По вульгарному пониманію эволюціи, міръ есть арена (cockpit), на которой одна порода ведетъ междуусобную войну съ другой. Если бы было такъ, то волки съѣли бы всѣхъ овецъ, или овцы всю траву, и умерли бы отъ голода. Но сущность теоріи не такова. Каждая порода зависитъ отъ своей среды, а эта среда включаетъ всѣ другія породы. Борьба за существованіе предполагаетъ взаимную зависимость безчисленными путями. Одинъ видъ необходимъ для существованія другого (овца для волка, волкъ для овцы, какъ мы видѣли), хотя размноженіе нѣкоторыхъ предполагаетъ также и вымираніе нѣкоторыхъ соперниковъ. Но эти столкновенія вовсе не предполагаютъ жестокости, какъ и подобные союзы (напримѣръ, волка и овцы, овцы и травы) вовсе не предполагаютъ доброй воли: волкъ вовсе не любить овцу (кромѣ ея мяса), но и не ненавидитъ ее: еслибъ онъ былъ сознателенъ, т.-е. могъ разсчитывать, онъ бы ее берегъ, какъ мы бережемъ своихъ домашнихъ животныхъ, употребляя ихъ умѣренно, чтобы не остаться безъ запаса.

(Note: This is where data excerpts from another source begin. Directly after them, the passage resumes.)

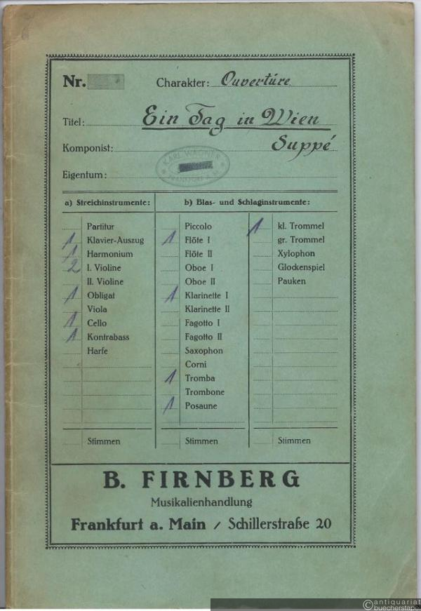 Ouverture zum Volksstück: "Ein Morgen, ein Mittag, ein Abend in Wien" (= Lyra No. 343). Salonorchester. 12 Stimmen.
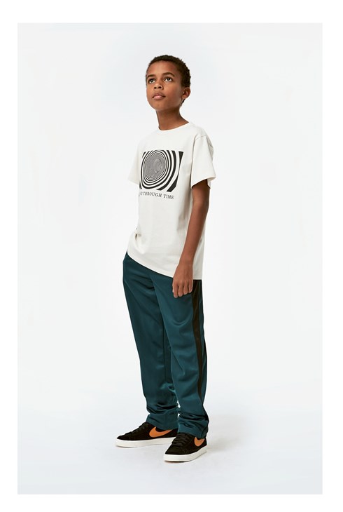 Almo er et par mørkegrønne track bukser med sorte striber på siderne. Bukserne har elastisk talje, samt lynlåslommer i siderne.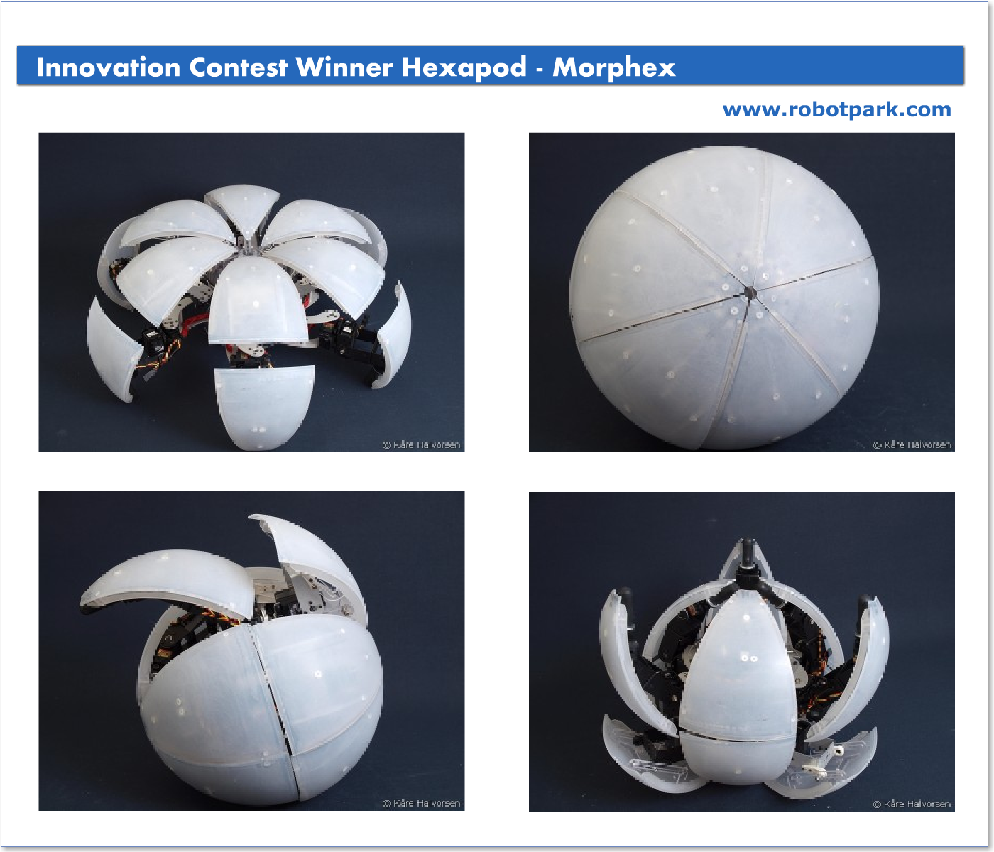 10,000$’lık büyük ödülün kazananı Norveçli Kare Halvorsen‘in Morphex III tasarımı oldu. Kare oldukça etkileyici bir hexapod robot platformu tasarladı. Morphex III ayakları üzerinde yürüyebiliyor ve hatta isterse bir küre şeklini alıp top gibi yuvarlanabiliyor. Robotun gövdesinde bulunan 36 adet bilyalı rulman ve 12 adet rulman tek parça halinde kalmasını sağlıyor. Kare MorpHex III’ü tasarlarkenki motivasyonunu şöyle açıklıyor.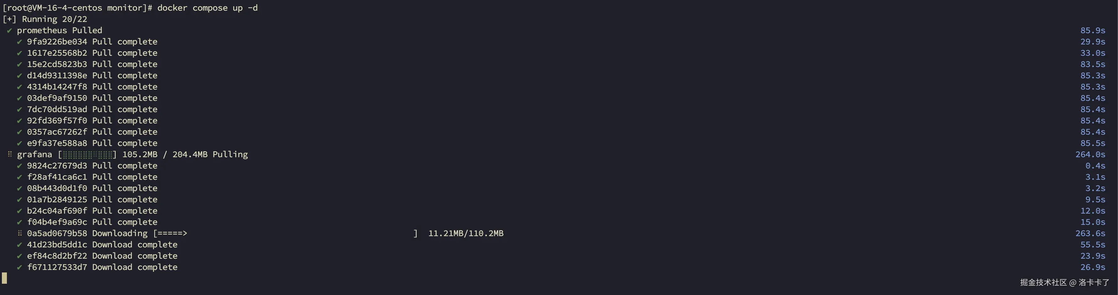 Prometheus 负责采集和存储监控数据,Grafana 用来做可视化展示------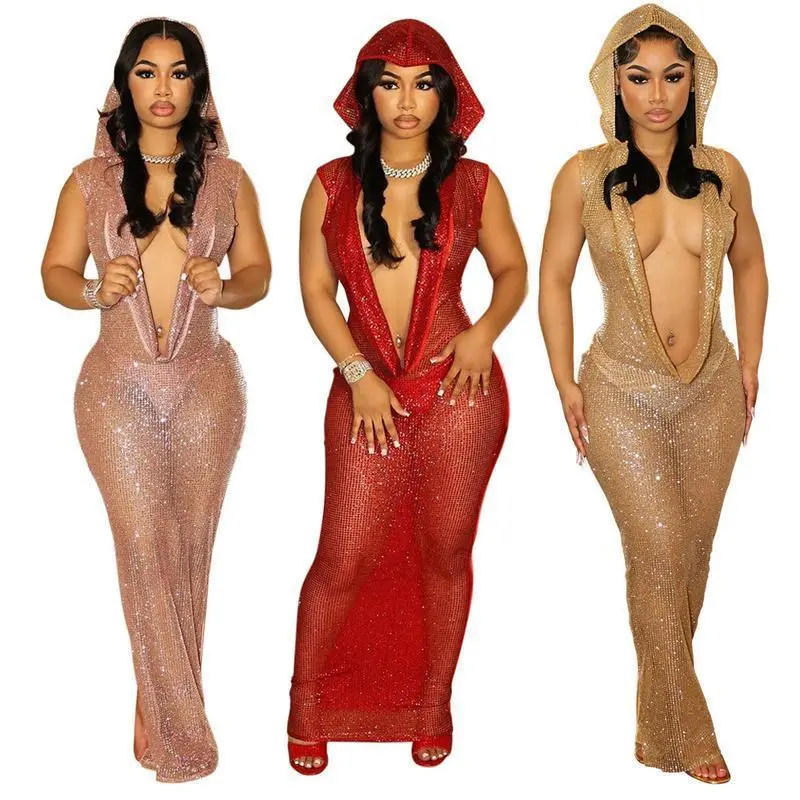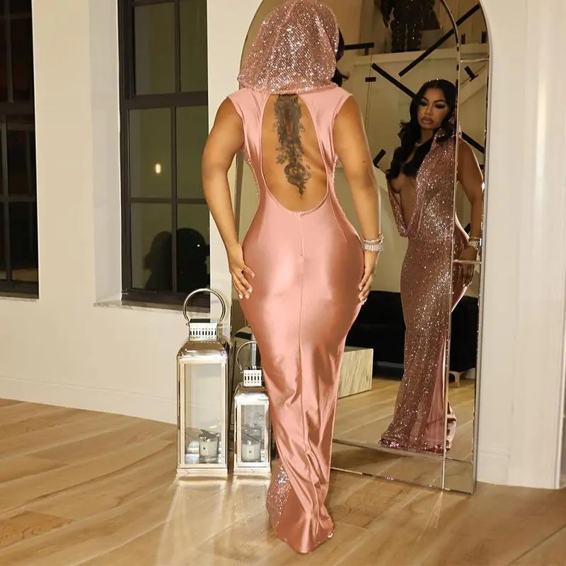 2025 New Sexy Deep V See-through Sequined Long Dress Formal Womenswear Workwear Comfort Minimalist Basic Pink Sleeveless Dance Clothing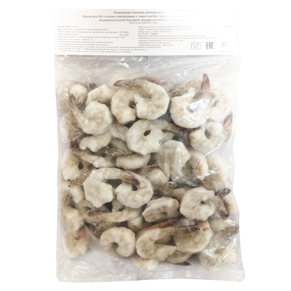 Креветки очищенные с хвостом без пищевода 26/30 - 1кг, Индонезия - 0903309928

Но за него эту бережливость совершаетъ сама природа, т.-е. если волкъ истребилъ много овецъ, то пищи для всей волчьей стаи будетъ недостаточно и часть волковъ вымретъ сама собой отъ голода, пока не установится равновѣсія между требованіемъ и снабженіемъ. Въ каждый данный моментъ есть извѣстное равновѣсіе между всѣми существующими видами; оно измѣняется, но такъ незамѣтно, что итогъ процессъ неуловимъ даже научнымъ воображеніемъ.
Особи одного вида, пережившія другихъ особей того же вида (наприм.,: волки, выдержавшіе недостатокъ въ овцахъ), предполагаютъ исчезновеніе соперниковъ (т.-е. волковъ-неудачниковъ), но также и сохраненіе союзниковъ (т.-е., по терминологіи Лесли Стефена, наприм., овецъ, которыя, конечно, сохраняются лучше отъ вымиранія части хищной стаи).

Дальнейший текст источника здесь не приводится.